1-unit increase in lead associated with worse scores in math and reading for those with early childhood lead levels below 3.5 µg/dL and ≥3.5 µg/dL

By Elana Gotkine HealthDay Reporter

WEDNESDAY, June 4, 2025 (HealthDay News) — A 1-unit increase in lead levels is associated with worse academic performance throughout school grades, according to a study published online May 28 in JAMA Network Open.

George L. Wehby, M.P.H., Ph.D., from the University of Iowa in Iowa City, examined the association of a 1-unit change in early childhood blood lead levels below 3.5 µg/dL versus ≥3.5 µg/dL with academic achievement in a cohort study that linked birth certificates of children born from 1989 to 2010 with their math and reading test scores for grades 2 through 11 and to their early childhood blood lead testing data.

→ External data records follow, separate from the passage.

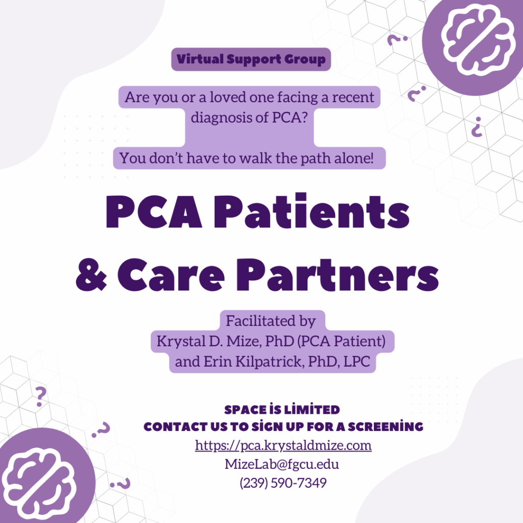 Feeling lost after receiving my diagnosis, I joined a support group. I felt less alone and it gave me a place to learn about living with PCA. Now I want to offer the same to others living through the early stages of PCA. Reach out to see if we have any openings in the group!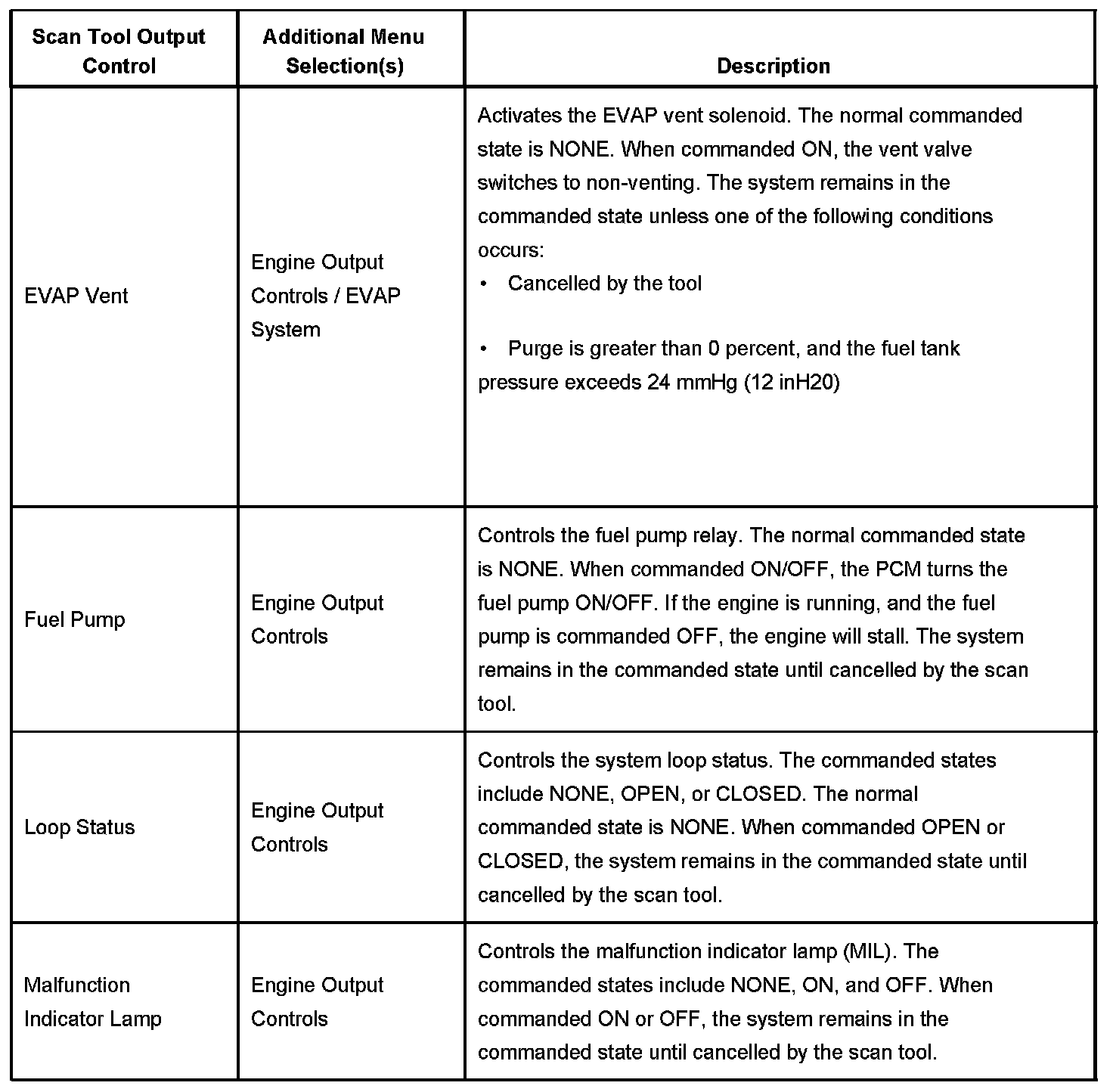 Scan Tool Output Controls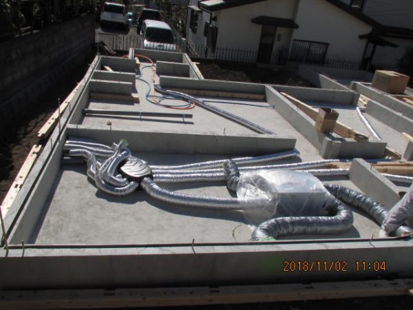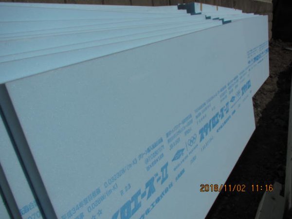 この換気システムの力を充分に発揮するためには、基礎断熱をしっかりしておく必要があります。弊社施工の物件も、スタイロエースという断熱材や気密テープ等でしっかり基礎断熱しておりますよ。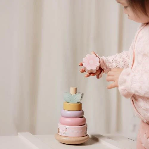 Take on the challenge of stacking the rings on the tumbling base! It is an entertaining game that requires your full attention. Stack the rings in the correct order, and place the flower on top of the tower. This beautiful wooden tumble stacker from the Fairy Garden collection is designed to develop children’s hand-eye coordination in a playful way.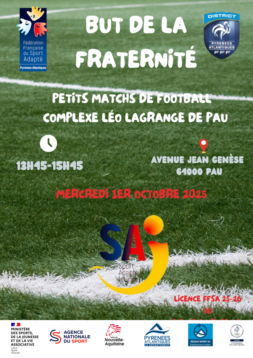 Cette journée sportive est organisée en partenariat avec le District de Football 64. Il s'agit d'une après-midi sur le thème du football composée de petits matchs amicaux sur mini-terrains, alternés avec des ateliers de football, avec des équipes composées des enfants du Sport Adapté et des enfants des sections sportives des collèges.

Up to 305,256 children and 1,782,873 child-grade observations were included in the analytical sample. Wehby found that at a mean child age at lead testing of 1.9 years, 37.7 percent of children had lead values below 3.5 µg/dL. A 1-unit increase in lead levels below 3.5 µg/dL was associated with lower national percentile rank (NPR) scores in math and reading (by −0.47 and −0.38, respectively). For lead levels ≥3.5 µg/dL, a 1-unit increase was also associated with lower NPR scores in math and in reading (−0.52 and −0.56, respectively). Across grades 2 through 11, the declines in these scores were persistent.

“Reconsidering and potentially lowering current blood lead reference values for intervention may be needed to better address the associations of low-level lead exposures with cognitive and academic outcomes,” Wehby writes.